Find parameter estimates in an independent strata Generalized
Linear Model using projected score equations.
DESCRIPTION:
Produces an object of class "psglm" which contains
components of the solution to projected score equations
for a Generalized Linear Model.
USAGE:
psglm(nu = matrix(1, nrow = dim(y)[1], ncol = dim(y)[2]), y, x,
family = gaussian, weights = rep(1, length(y[, 1])), start = NULL,
expinfo = T, conditional = T, paramtest = NULL,
control = glm.control(epsilon = 0.0001, maxit = 100,...), ...)
REQUIRED ARGUMENTS:
y: a matrix of response variables with rows corresponding to
strata.
x: either a three dimensional array of covariates or a matrix
of covariates.
OPTIONAL ARGUMENTS:
nu: A matrix of trials for when y is binomial.

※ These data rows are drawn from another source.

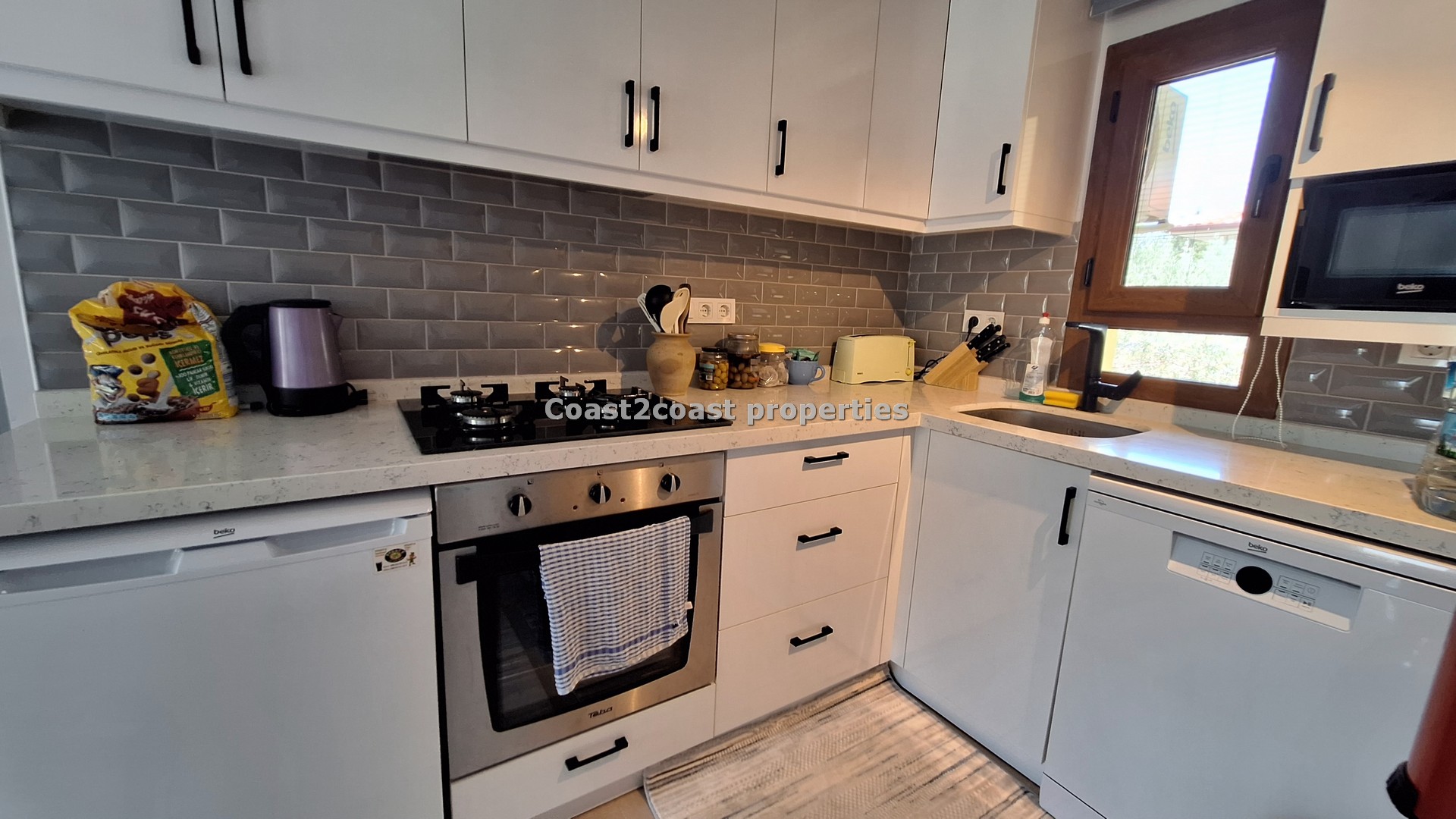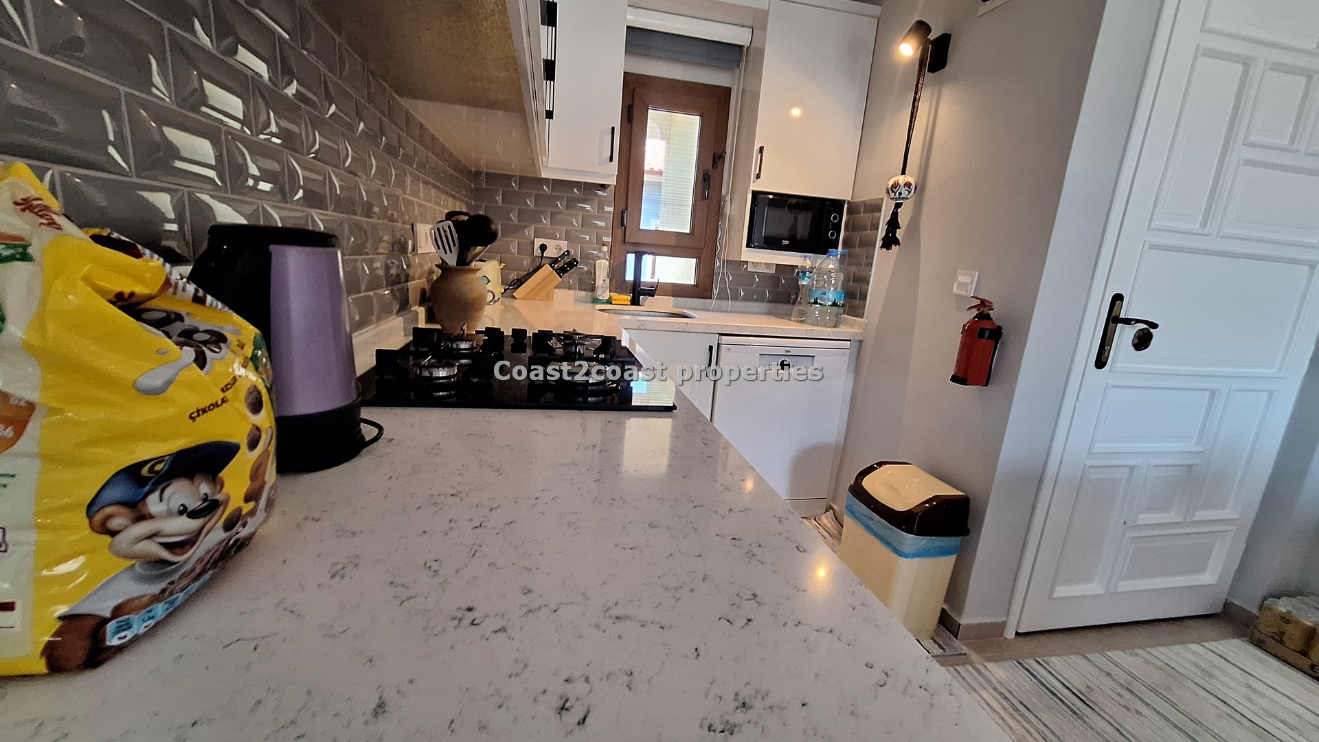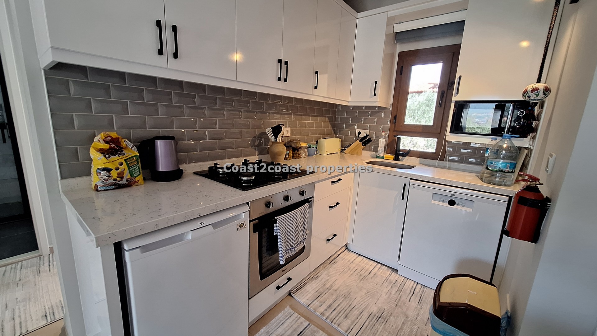 The kitchen is all new , modern and slick! Great worktop, marble style with white units and lot’s of storage space again. The tiled splash back compliments the white modern units and the worktop.
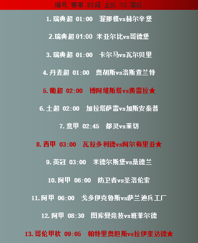 赛事前瞻:(标★赛事表示信心更佳)
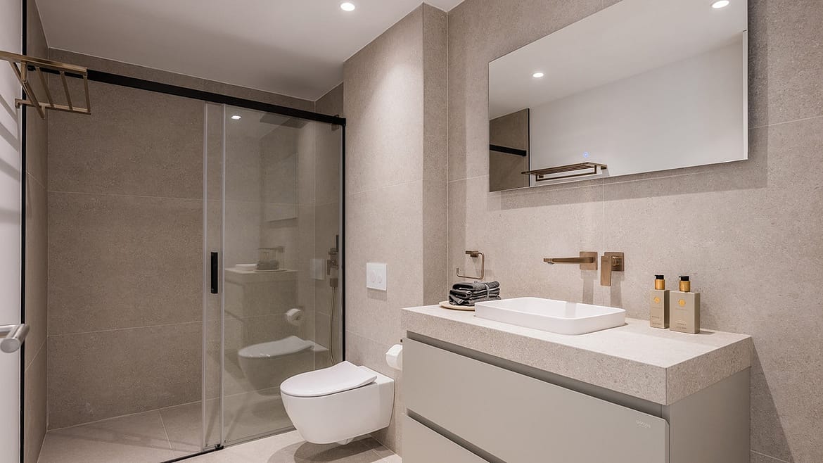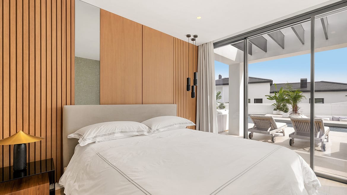 The layout is practical and flows well. On the main level, the bright, open-plan living and dining area connects seamlessly to a modern kitchen designed by BD Home & Living with Siemens appliances and a large central island which anchors the space, perfect for everyday living and entertaining alike. Large sliding doors open onto a generous terrace of approximately 180 m², seamlessly connecting the interior with the landscaped garden. Four en suite bedrooms and a guest toilet complete the ground floor.

family: a family object - a list of functions and expressions
for defining the link and inverse functions etc. Cumulants
are obtained by turning this into a familytoo object.
weights: a vector of weights, one for each stratum.
start: a list of two components. The first contains initial
estimates for the parameters of interest -- the within
strata parameters, the second contains initial estimates
for the nuisance parameters -- the parameters associated
with the strata totals.
conditional: when set to T the projected score equations are
solved giving approximate conditional estimates. When set
to F the full maximum likelihood score equations are
solved.
expinfo: a flag to indicate if the computationally faster
maximum likelihood score information should be used to
solve the projected score equations. If set to F then the
projected score efficient information is calculated which
requires a numerical differentiation.
paramtest: a vector of integers denoting which parameters of
interest should be tested using a projected score test.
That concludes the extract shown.